Remediation of Petroleum Contaminants in the Persian Gulf Coast
Sustainable process-product development & green chemistry
Sustainable & Clean Technologies-I: Extraction & Remediation (T1-4P)
Keywords: Persian Gulf, heavy metals, petroleum hydrocarbon, fermentation
Alemzadeh, I. * Vossoughi, M.*, Moslehi, P.* and **Sanati, A. M.
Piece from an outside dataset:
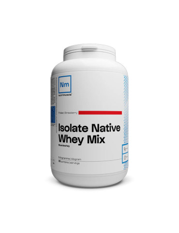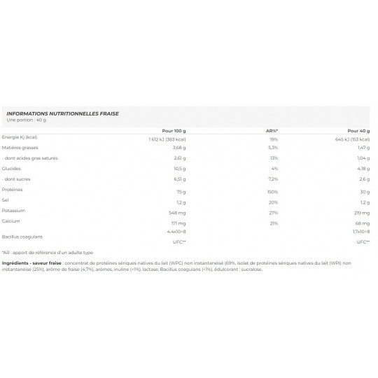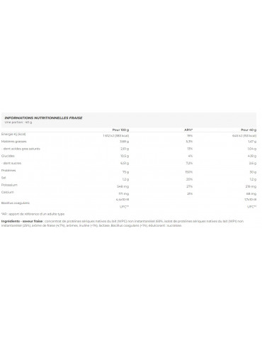 Ingrédients - saveur fraise : concentrat de protéines sériques natives du lait (WPC) non instantanéisé (69%, isolat de protéines sériques natives du lait (WPI) non instantanéisé (25%), arôme de fraise (4,7%), arômes, inuline (<1%), lactase, Bacillus coagulans (<1%), édulcorant : sucralose.

Department of Chemical and Petroleum Engineering, Sharif University of Technology, 11365-6891
Abstract: The Persian Gulf, which lies within the region delineated by latitude 24-30οN and longitude 48-56°E, is a shallow basin with an average depth of 35 m. The volume of water in this area is about 7800 km3. For the immense economic wealth and geopolitical importance of the region today and also the ecosystem of the Gulf and specially its shore has been polluted. About 40% of all the tankers traffic in the world is in the Persian Gulf. It is estimated that the Gulf area are 47times polluted than the average estimated amount for a marine environment of a similar surface area. The amount of petroleum pollutant and heavy metal consistent in the soil of Persian Gulf coast at 8 selected stations were determined. The average amount of petroleum hydrocarbons contamination was about 14.3-143.6 mg/kg of soils for different stations. Nikel had optimal level of heavy metal with 58.6 mg/kg in Emam Hassan area at 50 kilometers to west Boushehr port. Remediation of contaminated soils was studied in two culture mediums under slurry and solid-state fermentation conditions, and 8 bacteria types were isolated. Four species: Em2, SH, GN1, and GN3 showed optimal PAH removal efficiency. Degradation efficiency under slurry conditions was observed after about 45 days, which during this period, naphthalene and phenanthrene showed 73 and 66% removal efficiency respectively. Under solid state conditions, microbial activity of mixed and pure culture due to high ability of different strains for growth, showed higher degradability compared to pure culture, but due to insufficient mixing under solid state conditions, mass transfer velocity of nutrient reduced which caused reduction in cell activity, so removal efficiency under slurry conditions would be higher.